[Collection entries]
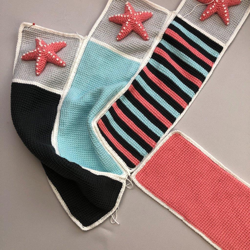 Zunächst einmal häkelst du 4 gleichgroße Streifen.
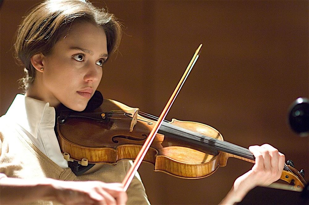 (Lions Gate 2008) This violin was acquired by the production for use by Jessica Alba as "Sydney Wells". The violin is made of wood and features a unique wood grain that matches on screen and measures 24" in length. The bow is broken at one end and measures 28.75" in length. Included with the violin and bow is a black vinyl carrying case.
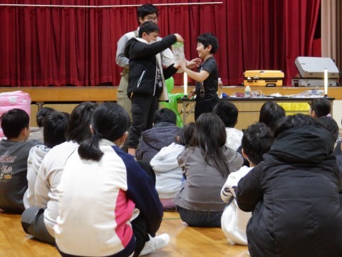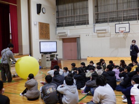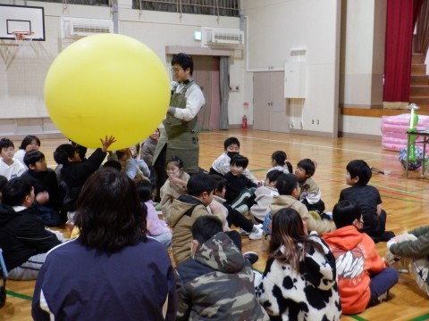 「楽しい実験のつくり方」を伝授していただきました。最初に見せていただいたお茶の実験をさせてもらいました。また空気の重さを感じるために,大きな風船を触らせてもらったりしました。
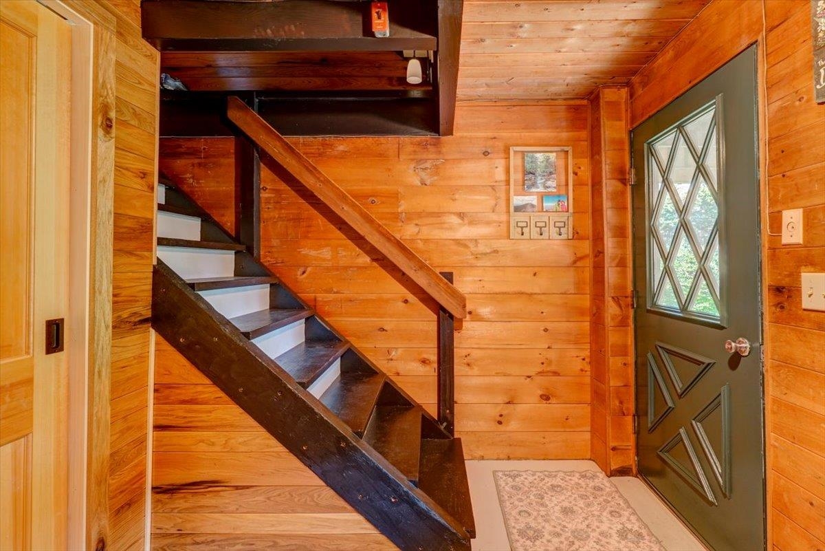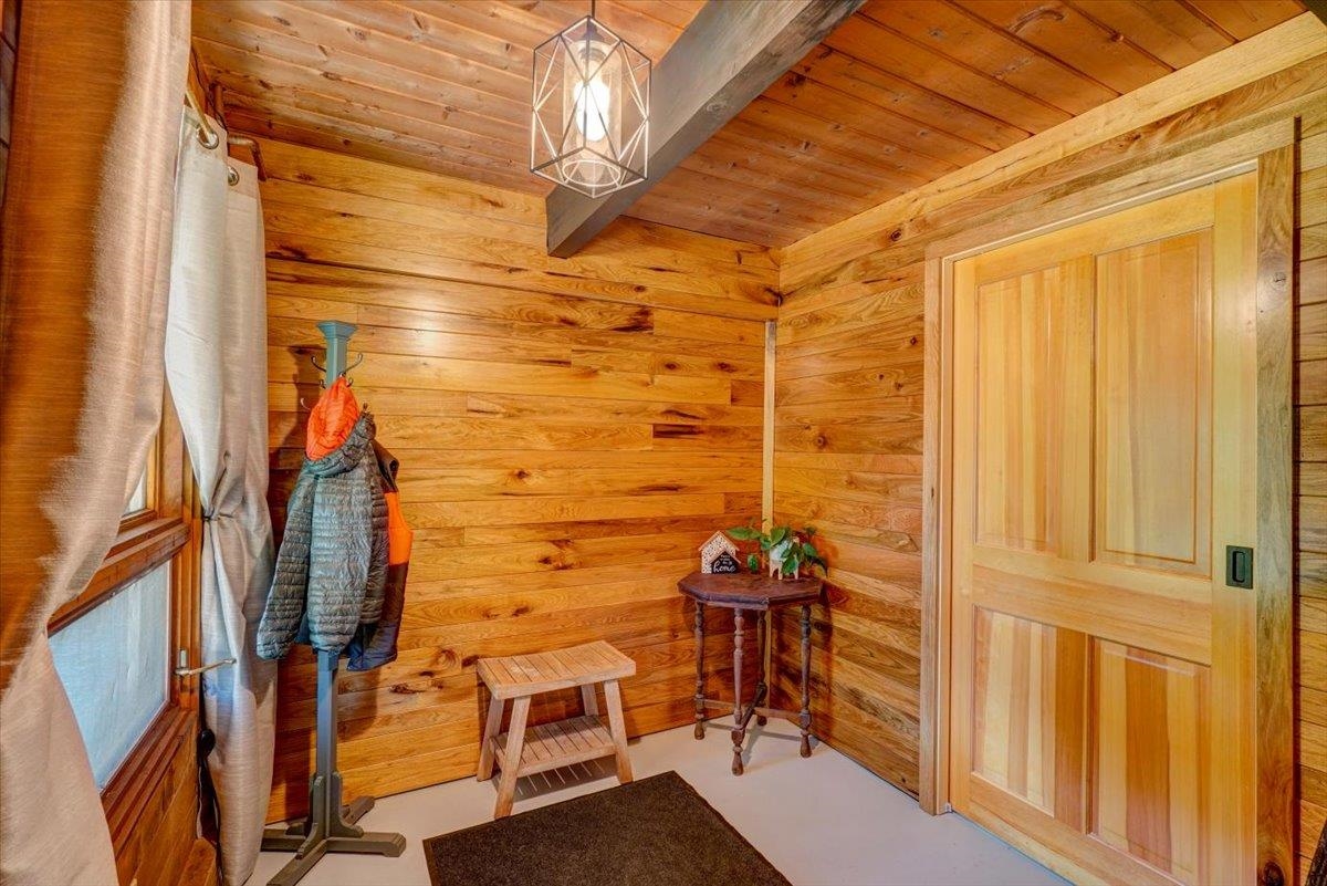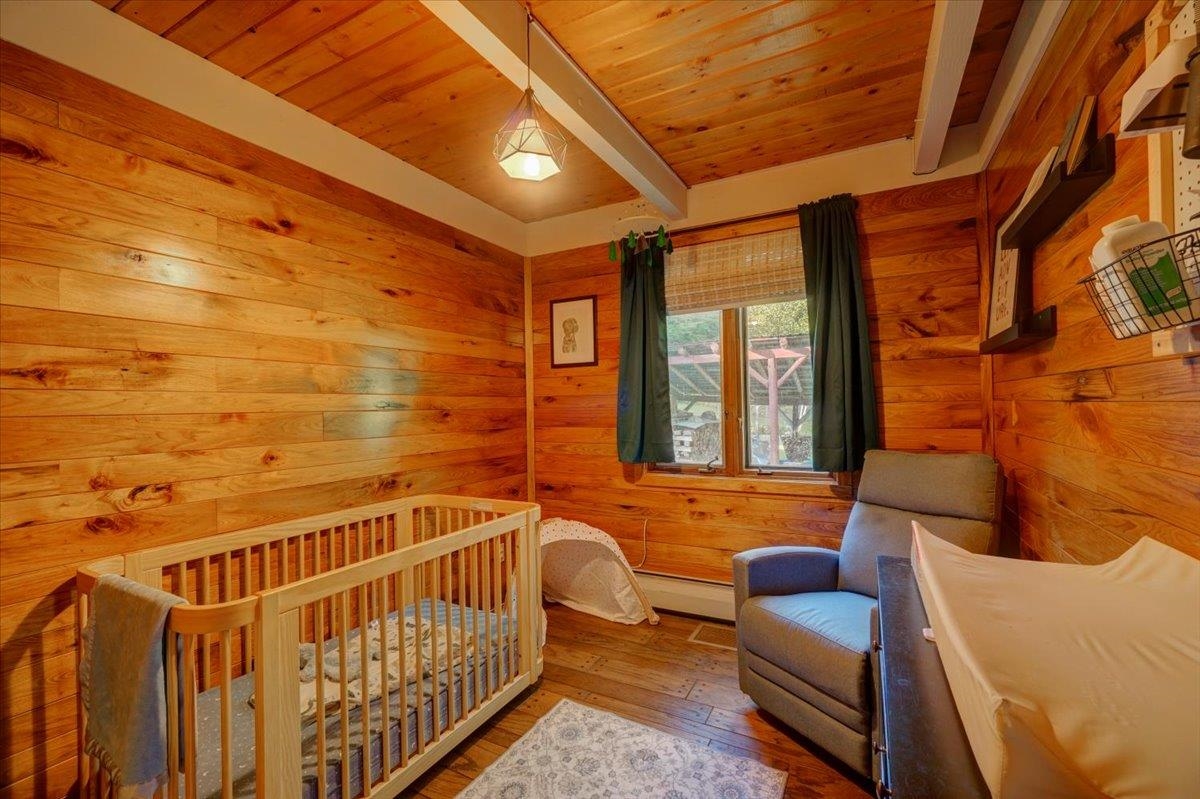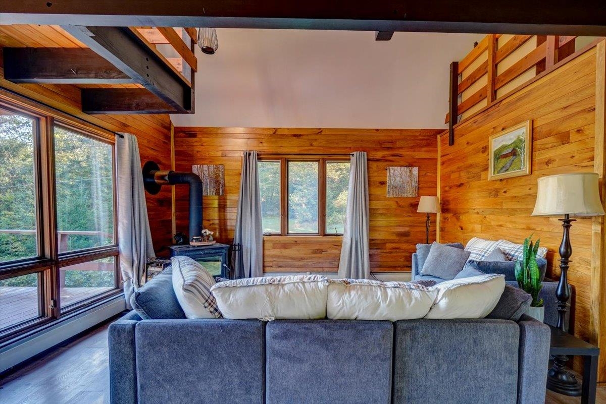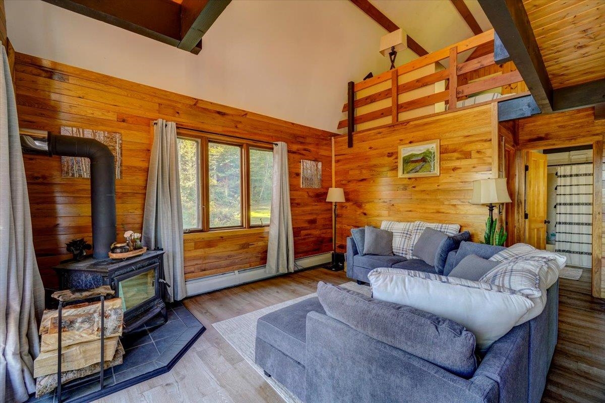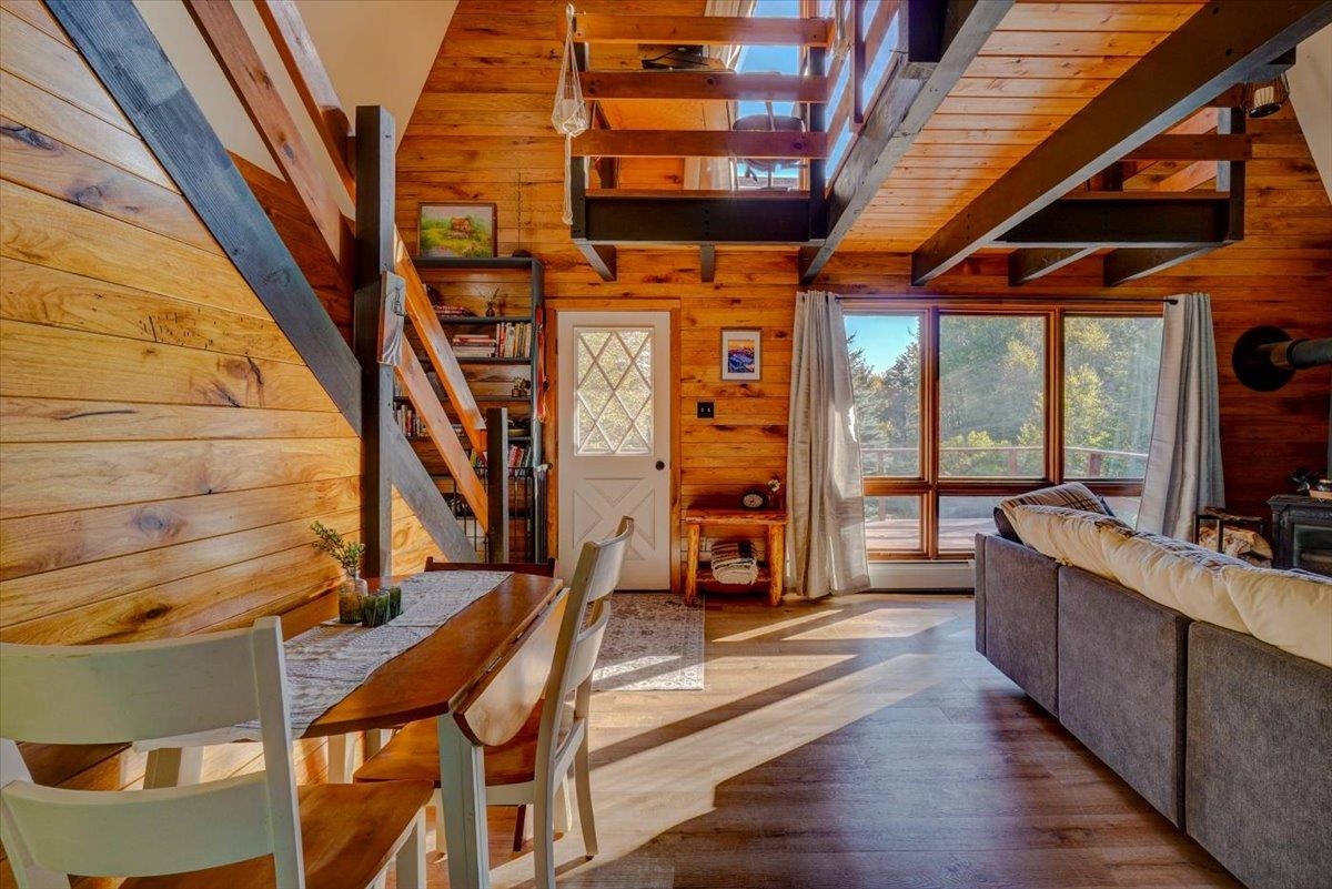 Set on 12 acres just 10 minutes from downtown Montpelier and I-89, this gambrel-style home offers privacy, character, and thoughtful updates. The exterior features a durable metal roof, wavy-wood siding, and a spacious deck--all freshly repainted and ready to enjoy. A 1 car attached garage with a 240v outlet wired in for your EV. Enter through the walk-up basement & practical mudroom, with a laundry area directly adjacent that adds storage and functionality. Inside, natural light highlights the warmth of wood accents, exposed beams, and built-in bookshelves. The main level includes a bedroom, a living room with a wood-burning stove and updated tongue-and-groove walls. The kitchen features freshly painted walls, wood cabinets with new hardware, and a large pantry, while the bathroom offers a new vanity and fixtures. Oversized picture windows brighten the living spaces and connect seamlessly to the expansive deck. Upstairs, the loft offers a bedroom with large closet, built-in bookshelves, and a unique catwalk overlooking the main living area--an ideal spot to take in mountain views and the home's inviting atmosphere. For those looking to downsize, this property offers efficient living with room to enjoy the outdoors. For buyers who need more space, this property offers opportunities to expand or customize to suit future needs. Outdoor enthusiasts will love the mountain views, trail loops exclusively on the property, close proximity to the VAST Trail, and other recreation areas!
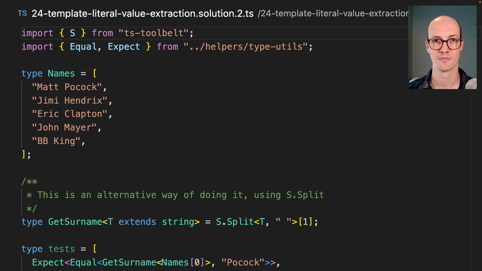 0:28 The solution I wanted you to find was this one, which is GetSurname here, we can say, "T extends." Then we open up a template literal. Inside this template literal, we can add these infers. We can say, "infer First" and then space and then "infer Last" and then just return the last name.
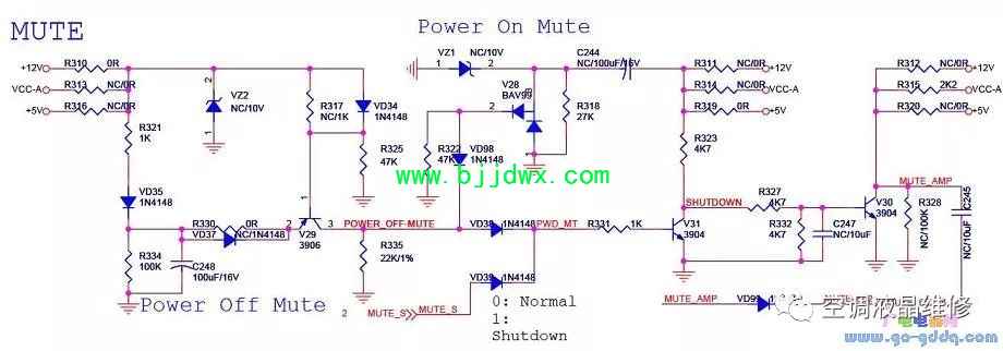 海信LED42K11P(MST6i78机芯)液晶彩电之开关机静音电路通用的开关机静音电路,注意AV音频输出的静音控制也是通过此电路实现,即MUTE_602。

:: What the task requires ::
Give again, word for word, every line from the top of the entries above to the line holding "0:28 The solution", both included. Leave the pictures out.

:: Result ::
 Zunächst einmal häkelst du 4 gleichgroße Streifen.
 (Lions Gate 2008) This violin was acquired by the production for use by Jessica Alba as "Sydney Wells". The violin is made of wood and features a unique wood grain that matches on screen and measures 24" in length. The bow is broken at one end and measures 28.75" in length. Included with the violin and bow is a black vinyl carrying case.
 「楽しい実験のつくり方」を伝授していただきました。最初に見せていただいたお茶の実験をさせてもらいました。また空気の重さを感じるために,大きな風船を触らせてもらったりしました。
 Set on 12 acres just 10 minutes from downtown Montpelier and I-89, this gambrel-style home offers privacy, character, and thoughtful updates. The exterior features a durable metal roof, wavy-wood siding, and a spacious deck--all freshly repainted and ready to enjoy. A 1 car attached garage with a 240v outlet wired in for your EV. Enter through the walk-up basement & practical mudroom, with a laundry area directly adjacent that adds storage and functionality. Inside, natural light highlights the warmth of wood accents, exposed beams, and built-in bookshelves. The main level includes a bedroom, a living room with a wood-burning stove and updated tongue-and-groove walls. The kitchen features freshly painted walls, wood cabinets with new hardware, and a large pantry, while the bathroom offers a new vanity and fixtures. Oversized picture windows brighten the living spaces and connect seamlessly to the expansive deck. Upstairs, the loft offers a bedroom with large closet, built-in bookshelves, and a unique catwalk overlooking the main living area--an ideal spot to take in mountain views and the home's inviting atmosphere. For those looking to downsize, this property offers efficient living with room to enjoy the outdoors. For buyers who need more space, this property offers opportunities to expand or customize to suit future needs. Outdoor enthusiasts will love the mountain views, trail loops exclusively on the property, close proximity to the VAST Trail, and other recreation areas!
 0:28 The solution I wanted you to find was this one, which is GetSurname here, we can say, "T extends." Then we open up a template literal. Inside this template literal, we can add these infers. We can say, "infer First" and then space and then "infer Last" and then just return the last name.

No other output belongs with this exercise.